Выбрать главу

Она прогостила в Закупе дня два, и в последний день и мать и дочь о чем-то говорили с ней тихо и сторожась от детей - дети знали, что, когда мать и бабка говорят между собой тихо, дело идет о дядьях.

Потом Дуня крепко расцеловала детей, уехала, и обе вдовы стали ждать.

Дуня поехала к царю - просить разрешения отправиться к Вильгельму и с ним обвенчаться.

У нее были высокие связи, сам Бенкендорф обещал, что царь ее примет.

И царь принял ее.

Дуня склонилась перед ним в глубоком реверансе.

Николай вежливо встал с кресла и пригласил жестом сесть.
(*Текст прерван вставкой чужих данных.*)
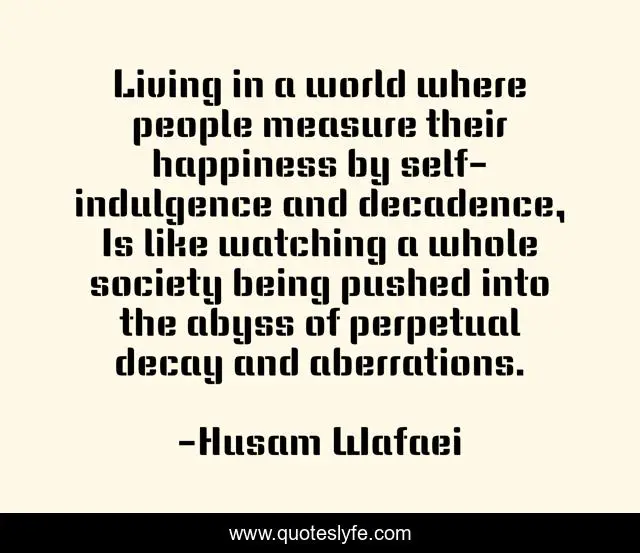 This page presents the quote "Living in a world where people measure their happiness by self-indulgence and decadence, Is like watching a whole society being pushed into the abyss of perpetual decay and aberrations.". Author of this quote is Husam Wafaei. This quote is about self-indulgence, arab, society, civilization, syria, decadence,.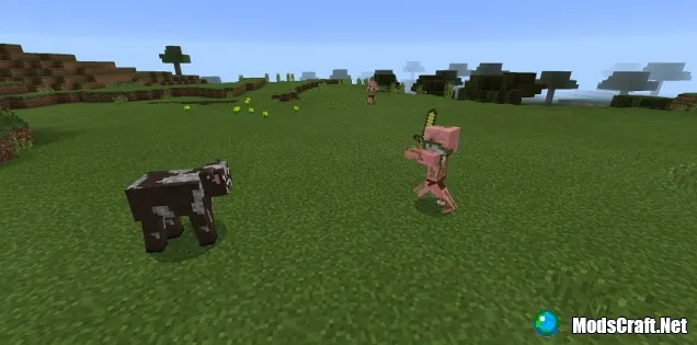 Всё очень просто! Если в диапазоне видимости коровы находится какой-то монстр, то она сразу же начинает его атаковать. При этом атаковать она может одновременно и толпу монстров.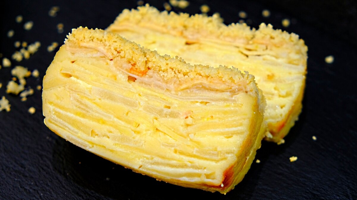 - С яблок снимаем кожуру, удаляем сердцевину и нарезаем их тонкими пластинами. Для удобства используем специально предназначенную для этого терку. Яблоки стараемся нарезать максимально тонко. От этого напрямую зависят вкусовые качества пирога. Если нарезка яблок занимает у Вас много времени или Ваши яблоки быстро темнеют, то их необходимо сбрызнуть лимонным соком. Затем, каждый яблочную пластинку аккуратно опускаем в тесто таким образом, что оно его полностью обволакивало. Да, это займет у Вас немало времени, но результат себя полностью оправдывает.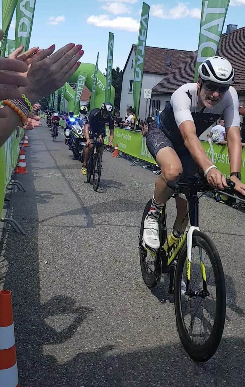 Nach einem für meine Verhältnisse sehr ordentlichen Schwimmen im Main-Donau-Kanal ging es dann auf den Radkurs über zwei Runden à 90 km. Dort lief es auch überraschend gut. Die Zuschauer, vor allem am berühmten Solarer Berg, gaben zusätzliche Motivation. Darunter waren auch einige LuT‘ler: vielen Dank für’s anfeuern! Auf dem Rad kam es dann auch zum Aufeinandertreffen mit Frodeno und Co.: immerhin hatte ich es ein ganzes Stück in die erste Runde geschafft, bis ich überrundet wurde. Vom Rad ging es dann auf den Marathon, der bei über 30° ziemlich anstrengend wurde. Umso mehr war ich letztlich mit dem Ergebnis zufrieden.
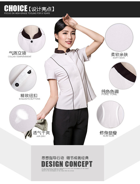 欧迈服饰是一家经验丰富的品牌保洁服订做厂家,重庆定做高档女款短袖服务员工服,有着非常丰富的订制保洁服经验,女式保洁服定做版型好,保洁服制造工艺全国领先.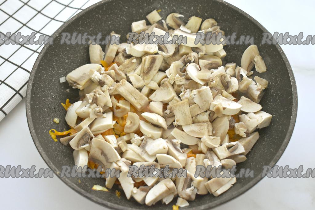 К обжаренным овощам, добавляем шампиньоны, нарезанные на небольшие ломтики, перемешиваем, обжариваем 6-7 минут, иногда перемешивая. Убираем с огня.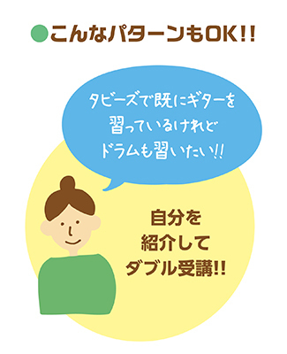 タビーズで既にギターを習っているけれど、追加でドラムも習いたい。こんなパターンもOKです!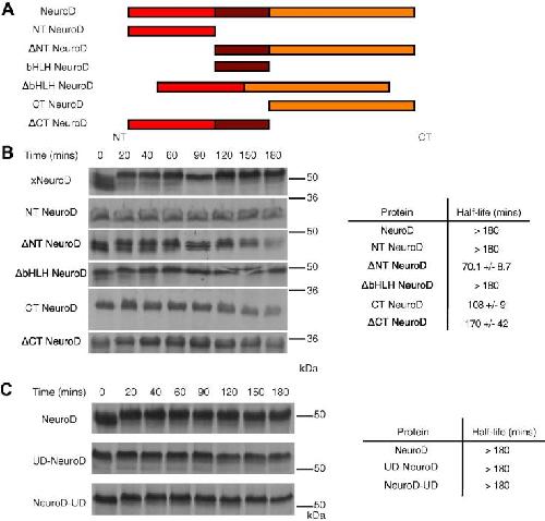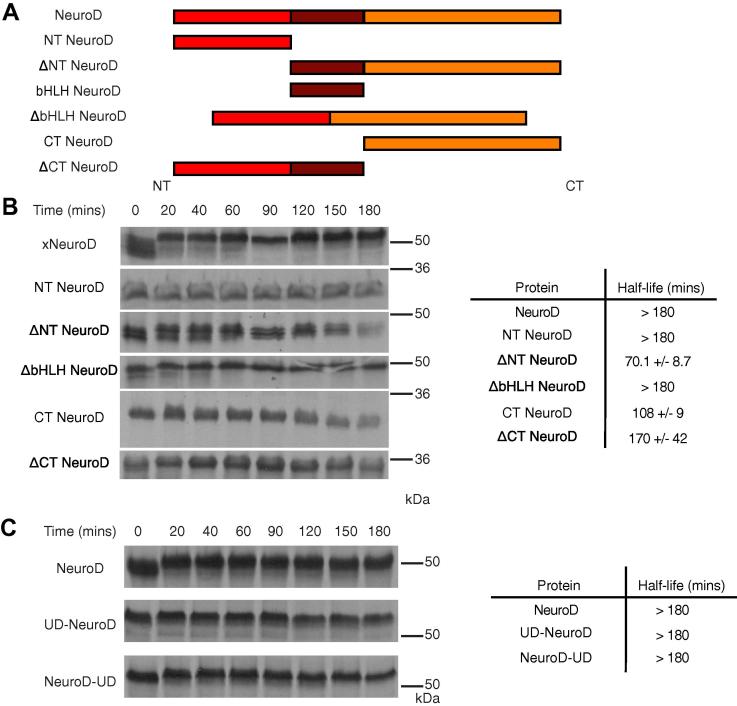 Fig. 2. Stability of NeuroD domains and fusions between NeuroD and an unfolding domain. (A) Schematic of NeuroD domain deletion mutants. (B) NeuroD domain deletion mutants were subjected to degradation assay in interphase egg extract. n = 3. (C) Unfolding domain-fused (UD) proteins were subjected to degradation assay in interphase egg extract. n = 3.

- Я к вашим услугам, - сказал он, скользя холодными глазами по ее лицу, груди, стану, рукам.

Дуня покраснела, но сказала спокойно:

- Ваше величество, у меня к вам просьба, исполнение которой может сделать меня счастливой на всю жизнь, а неисполнение несчастной.

- Служить счастию женщин - долг столь же лестный, сколь и неблагодарный, - улыбнулся одними губами Николай, не переставая скользить взглядом по девушке.

- У меня есть жених, ваше величество, - сказала тихо Дуня, - и от вас зависит, смогу ли я с ним соединиться.

- Хотя исполнение вашего желания и требует известной доли самопожертвования, - посмотрел в глаза Дуне Николай, - но я вас слушаю: чем могу быть полезен?

- Имя моего жениха Вильгельм Кюхельбекер, - ска-сала Дуня тихо, выдерживая взгляд царя.

Губы Николая брезгливо сморщились, и он откинулся в креслах, потом усмехнулся:

- Сожалею о вас.

- Ваше величество, - сказала Дуня умоляюще, - я готова последовать за моим женихом всюду, куда будет нужно.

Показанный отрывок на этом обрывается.